Items from a data source:
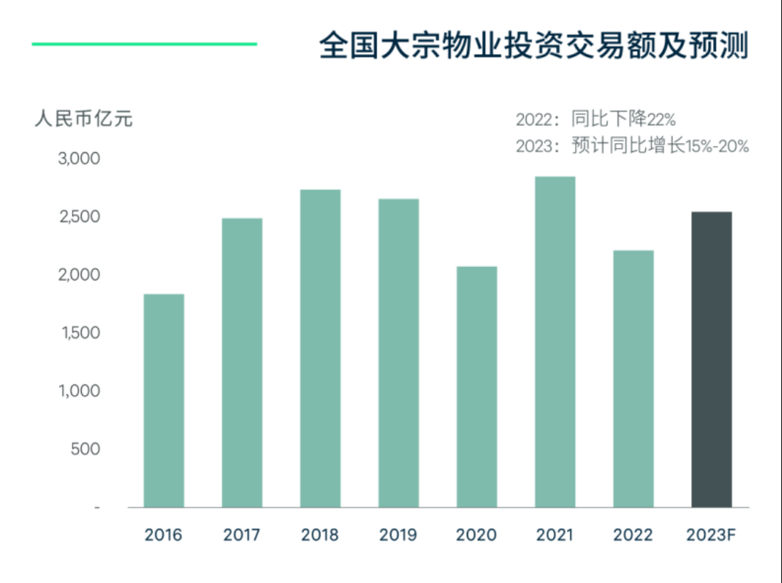 2022年中国大宗物业总交易额累计2200亿元。伴随一系列提振经济举措接连出台,CBRE世邦魏理仕预计,2023年中国商业地产投资市场有望反弹,大宗物业投资额或超2500亿元,同比上涨15%-20%。
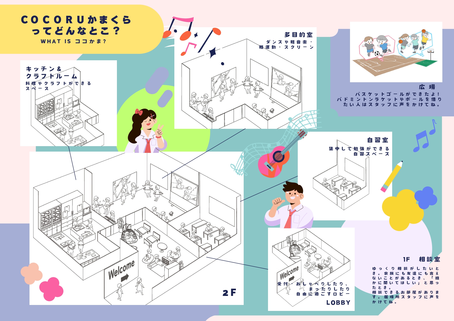 COCORUかまくら(通称:ココかま)は、鎌倉青少年会館をリニューアルして誕生した中高生のための新しい居場所です。学校でも家庭でもない“もうひとつの居場所”として、放課後や休日に自由に過ごしたり、「やってみたい」を実現できる場所。イベントやワークショップも多数開催されており、同世代や地域の人々とのつながりも育めます。予約不要で気軽に利用できるのも魅力です。
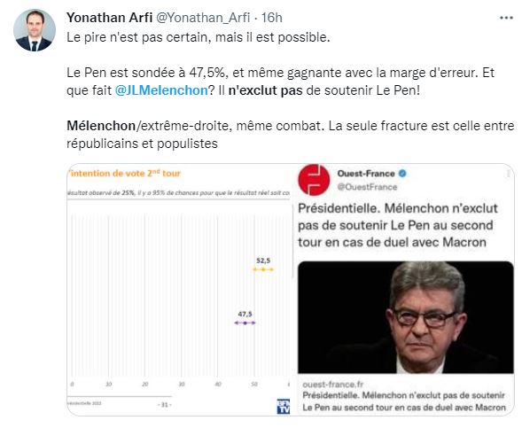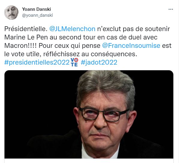 A quelques encablures du premier tour de la présidentielle (10 avril) une intention prêtée à Jean-Luc Mélenchon faisait très vivement réagir sur les réseaux sociaux le 31 mars. "Qu'est-ce qui lui arrive au Mélenchon ?", "On parle bien de la gauche là ?", fustigeaient plusieurs internautes.
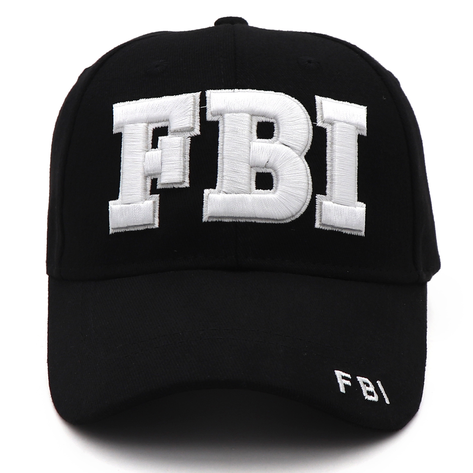 • 검은색 모자에 흰색 자수 FBI
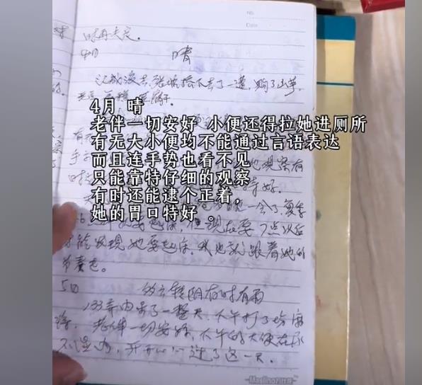 在奶奶生病的十几年里,爷爷写了满满七本日记,日记中不仅记录了当天发生的所有事情,甚至连奶奶上厕所都写的清清楚楚。

REQUIRED ACTION: Please set down exactly the lines from the one holding "A quelques encablures" through the last line of the entries, both ends included, and skip pictures.

RESULT:
 A quelques encablures du premier tour de la présidentielle (10 avril) une intention prêtée à Jean-Luc Mélenchon faisait très vivement réagir sur les réseaux sociaux le 31 mars. "Qu'est-ce qui lui arrive au Mélenchon ?", "On parle bien de la gauche là ?", fustigeaient plusieurs internautes.
 • 검은색 모자에 흰색 자수 FBI
 在奶奶生病的十几年里,爷爷写了满满七本日记,日记中不仅记录了当天发生的所有事情,甚至连奶奶上厕所都写的清清楚楚。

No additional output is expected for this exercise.